Operados desde determinados sectores de poder, los ciclos devaluatorios funcionan como piezas de un andamiaje perverso en una trama con ganadores que se enriquecen a costa del empobrecimiento de la población.
miércoles 29 de mayo de 2013 | 5:03 PM |a palabra devaluación azuza algunos de los peores temores de los asalariados. Está asociada directamente con la destrucción de los ahorros pero sobre todo con la inflación, el desempleo, la contracción económica y la recesión. Eso es lo que está impreso en la memoria colectiva, que en las últimas décadas anotó uno a uno los virulentos saltos del tipo de cambio. La única devaluación que no tiene esas marcas fue la de la salida del régimen de convertibilidad, que se produjo en un contexto particular: elevadísimos niveles de desocupación combinados con organizaciones sindicales devastadas, que volvieron inviable cualquier intento por recomponer los salarios y aceitar la puja distributiva. Sin embargo, ese episodio no borró las marcas de los anteriores que estuvieron ligados a crisis de deuda, cuellos de botella del entramado industrial y extranjerización de la economía. Todos elementos que se combinaron, y se combinan, en el juego político de la economía que tiene (siempre) ganadores y perdedores en la tensión constante por ver cómo se pagan y se resuelven las crisis.
La falta de dólares –crisis de balance de pagos– para cancelar las deudas contraídas o seguir comprando las maquinarias que no se producen en el país para mantener el funcionamiento de la industria local explica en dos líneas la necesidad de ajustar el tipo de cambio vía una devaluación. Pero lo que los economistas discuten es por qué se llega a ese punto –por una crisis de deuda o porque no se pudo avanzar en un proceso de sustitución de importaciones– y también en qué plazo y volumen se producen esas devaluaciones.

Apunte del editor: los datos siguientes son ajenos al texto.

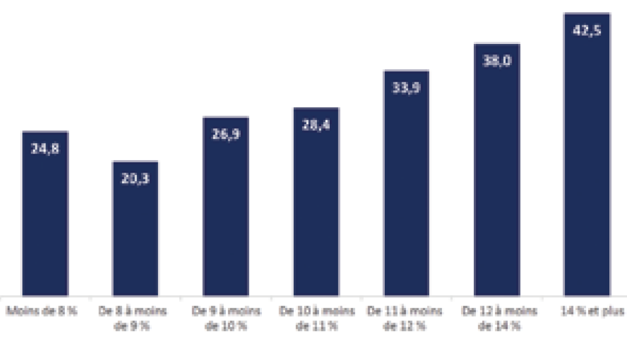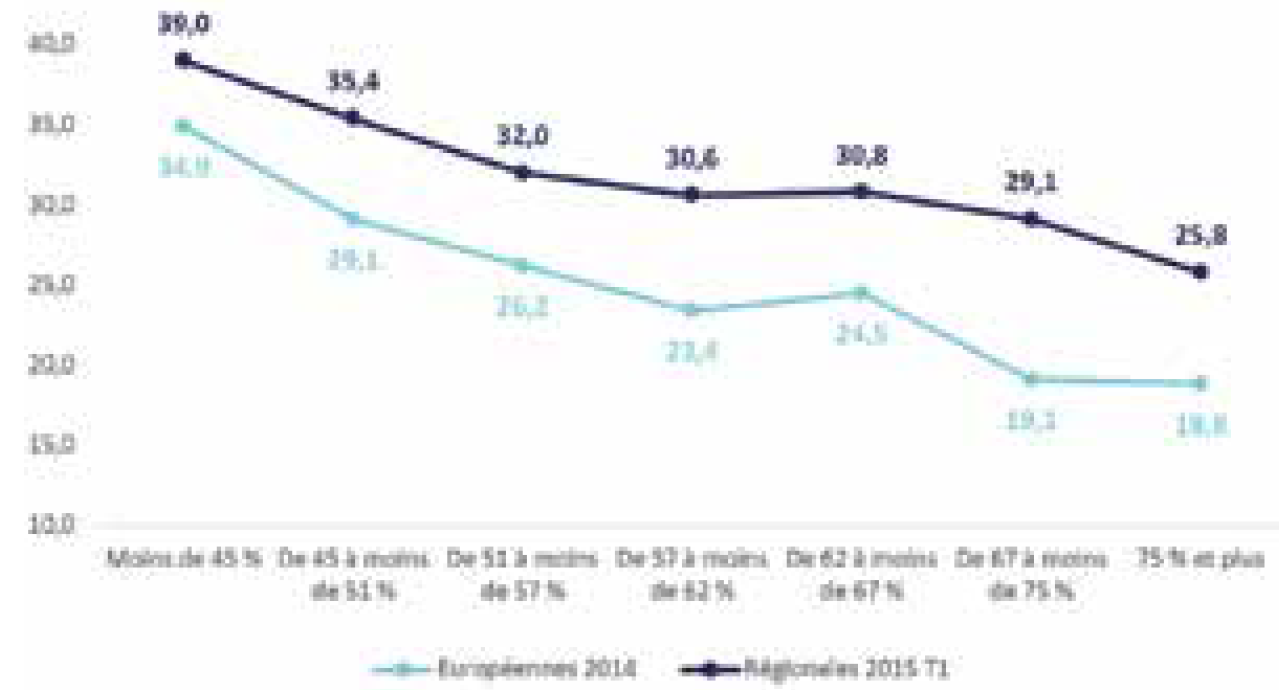 La formation lepéniste enregistre ainsi une nouvelle fois ses meilleures performances parmi les ouvriers (51%, +2 points) et auprès des employés (38%, stable), soit un total de 43 % dans les milieux populaires, mais sans y progresser de nouveau comme si le parti avait déjà fait le plein dans ces catégories. Un mouvement de hausse s’observe en revanche dans d’autres groupes sociaux traditionnellement marqués à droite : +12 points chez les artisans et commerçants et +3 points parmi les professions libérales et les cadres supérieurs. Cette tendance s’observe également au plan géographique. On rappellera tout d’abord que la proportion de foyers imposés dans une commune constitue un assez bon indicateur du niveau de richesse de la commune en question et que le niveau de vote Front national est traditionnellement clairement corrélé avec cette variable : plus la part de foyers assujettis à l’impôt est faible dans une commune, plus le vote frontiste est élevé. Cette corrélation s’est une nouvelle fois vérifiée à l’occasion du premier tour des élections régionales. Mais comme le montre le graphique 1, on constate que, par rapport aux européennes, c’est dans les communes les plus aisées que le Front national progresse le plus : +10 points dans les communes comptant de 67 à 75% de foyers imposés et +7 points dans celles en comptant plus de 75%. Inversement, la hausse n’a été que de 4,1 points dans les communes ayant moins de 45% de foyers assujettis à l’impôt. Dans ces communes modestes et populaires, où le Front national était déjà puissant, il atteint désormais en moyenne le niveau de 39%.

Es que ese cambio en la relación del valor de la moneda local con la moneda de referencia internacional, en este caso el dólar, es constante. Y eso es así no sólo porque depende de los problemas estructurales que arrastra la Argentina –y también otros países en vías de desarrollo, subdesarrollados o periféricos– sino también de lo que ocurre con otras monedas y economías. En esa variación permanente se inscribe la disputa por ver quién paga la cuenta que se torna concreta cuando los saltos son bruscos y mucho más difusa cuando las variaciones son paulatinas: una cosa es una depreciación del dos por ciento mensual a lo largo de un año y otra cosa es una devaluación del 24 por ciento en cuestión de horas.